* **EXERCISE REQUIREMENTS**
Within the records below, find the line with "店内はさほど広くはなく、客席" and the line with "Maschera da Mostro", then reproduce exactly those two lines and all lines between them, without any picture.

* **EXERCISE INPUTS**
-*-*-
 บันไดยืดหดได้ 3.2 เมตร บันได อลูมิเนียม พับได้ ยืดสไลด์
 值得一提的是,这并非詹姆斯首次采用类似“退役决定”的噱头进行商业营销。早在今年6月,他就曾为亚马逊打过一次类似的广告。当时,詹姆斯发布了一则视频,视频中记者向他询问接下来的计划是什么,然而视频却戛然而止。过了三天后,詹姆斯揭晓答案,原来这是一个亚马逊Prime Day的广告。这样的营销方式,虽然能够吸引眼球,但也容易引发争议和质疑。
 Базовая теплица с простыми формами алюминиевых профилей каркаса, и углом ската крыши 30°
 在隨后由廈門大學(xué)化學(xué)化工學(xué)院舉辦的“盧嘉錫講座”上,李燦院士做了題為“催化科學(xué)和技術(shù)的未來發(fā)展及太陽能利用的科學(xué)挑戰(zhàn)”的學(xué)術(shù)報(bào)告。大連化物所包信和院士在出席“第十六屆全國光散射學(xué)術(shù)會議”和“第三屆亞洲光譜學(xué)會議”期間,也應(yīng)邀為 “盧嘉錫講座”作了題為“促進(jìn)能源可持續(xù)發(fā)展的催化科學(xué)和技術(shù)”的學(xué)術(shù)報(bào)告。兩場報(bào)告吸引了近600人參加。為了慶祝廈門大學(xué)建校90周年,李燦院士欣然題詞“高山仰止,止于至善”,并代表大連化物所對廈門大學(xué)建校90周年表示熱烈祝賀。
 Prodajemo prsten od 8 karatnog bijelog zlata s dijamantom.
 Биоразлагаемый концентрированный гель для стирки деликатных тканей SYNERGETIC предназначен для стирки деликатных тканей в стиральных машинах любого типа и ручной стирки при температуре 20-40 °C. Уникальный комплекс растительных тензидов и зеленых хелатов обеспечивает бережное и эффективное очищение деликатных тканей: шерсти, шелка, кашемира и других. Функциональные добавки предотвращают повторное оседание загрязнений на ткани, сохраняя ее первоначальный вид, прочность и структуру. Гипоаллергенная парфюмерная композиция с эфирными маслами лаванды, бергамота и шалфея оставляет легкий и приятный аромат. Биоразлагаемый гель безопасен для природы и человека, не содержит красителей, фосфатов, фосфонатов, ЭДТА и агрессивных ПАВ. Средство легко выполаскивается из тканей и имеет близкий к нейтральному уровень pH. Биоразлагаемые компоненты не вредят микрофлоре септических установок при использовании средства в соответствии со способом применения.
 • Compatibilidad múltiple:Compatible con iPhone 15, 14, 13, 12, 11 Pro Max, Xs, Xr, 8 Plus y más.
-*-*-
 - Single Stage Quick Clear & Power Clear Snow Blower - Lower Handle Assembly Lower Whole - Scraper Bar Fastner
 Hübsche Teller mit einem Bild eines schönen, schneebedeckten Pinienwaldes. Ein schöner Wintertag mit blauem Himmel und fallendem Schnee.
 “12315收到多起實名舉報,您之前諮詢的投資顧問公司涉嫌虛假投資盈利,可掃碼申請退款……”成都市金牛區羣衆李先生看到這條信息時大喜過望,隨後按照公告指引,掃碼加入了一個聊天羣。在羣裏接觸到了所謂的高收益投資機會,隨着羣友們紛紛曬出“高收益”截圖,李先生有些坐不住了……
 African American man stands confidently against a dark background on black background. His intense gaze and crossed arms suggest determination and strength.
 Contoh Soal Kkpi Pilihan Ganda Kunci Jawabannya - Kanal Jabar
-*-*-
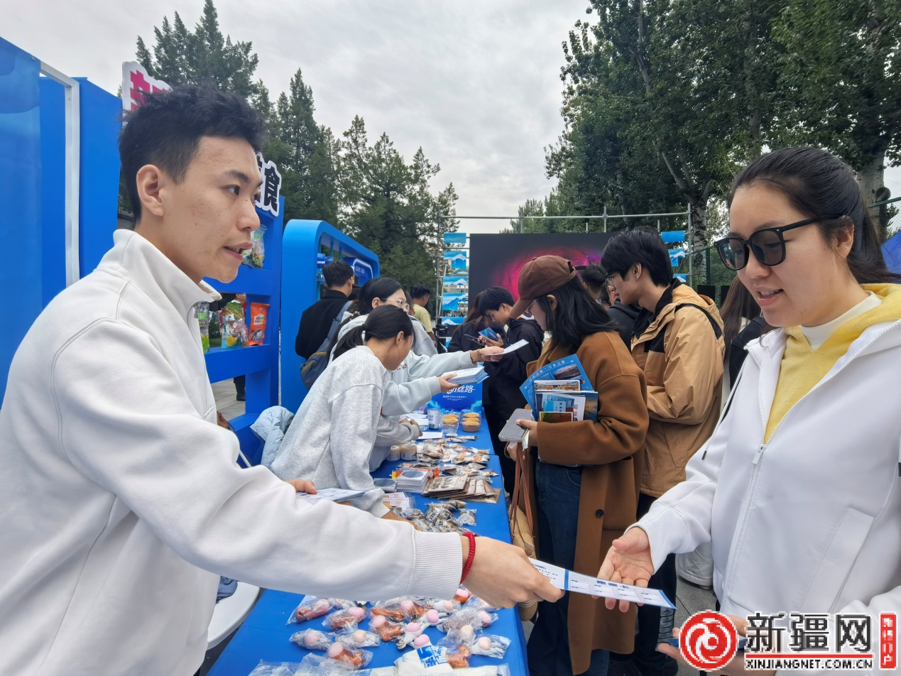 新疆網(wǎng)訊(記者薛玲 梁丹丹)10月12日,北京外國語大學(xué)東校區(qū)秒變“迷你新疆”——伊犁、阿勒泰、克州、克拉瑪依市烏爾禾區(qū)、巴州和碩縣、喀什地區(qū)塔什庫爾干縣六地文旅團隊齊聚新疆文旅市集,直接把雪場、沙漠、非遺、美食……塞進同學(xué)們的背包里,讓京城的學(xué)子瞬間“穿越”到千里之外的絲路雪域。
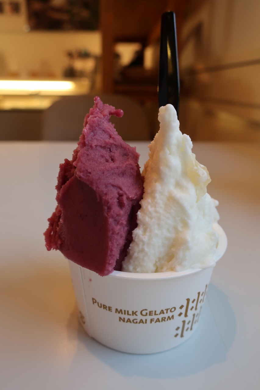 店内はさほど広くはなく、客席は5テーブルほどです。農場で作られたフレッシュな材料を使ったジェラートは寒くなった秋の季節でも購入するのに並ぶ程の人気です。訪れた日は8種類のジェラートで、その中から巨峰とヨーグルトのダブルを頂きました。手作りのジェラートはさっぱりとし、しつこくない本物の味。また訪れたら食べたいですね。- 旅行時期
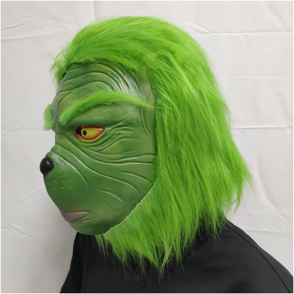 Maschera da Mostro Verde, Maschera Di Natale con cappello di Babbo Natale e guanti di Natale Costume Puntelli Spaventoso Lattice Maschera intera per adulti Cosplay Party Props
-*-*-
* **OUTPUT**
 店内はさほど広くはなく、客席は5テーブルほどです。農場で作られたフレッシュな材料を使ったジェラートは寒くなった秋の季節でも購入するのに並ぶ程の人気です。訪れた日は8種類のジェラートで、その中から巨峰とヨーグルトのダブルを頂きました。手作りのジェラートはさっぱりとし、しつこくない本物の味。また訪れたら食べたいですね。- 旅行時期
 Maschera da Mostro Verde, Maschera Di Natale con cappello di Babbo Natale e guanti di Natale Costume Puntelli Spaventoso Lattice Maschera intera per adulti Cosplay Party Props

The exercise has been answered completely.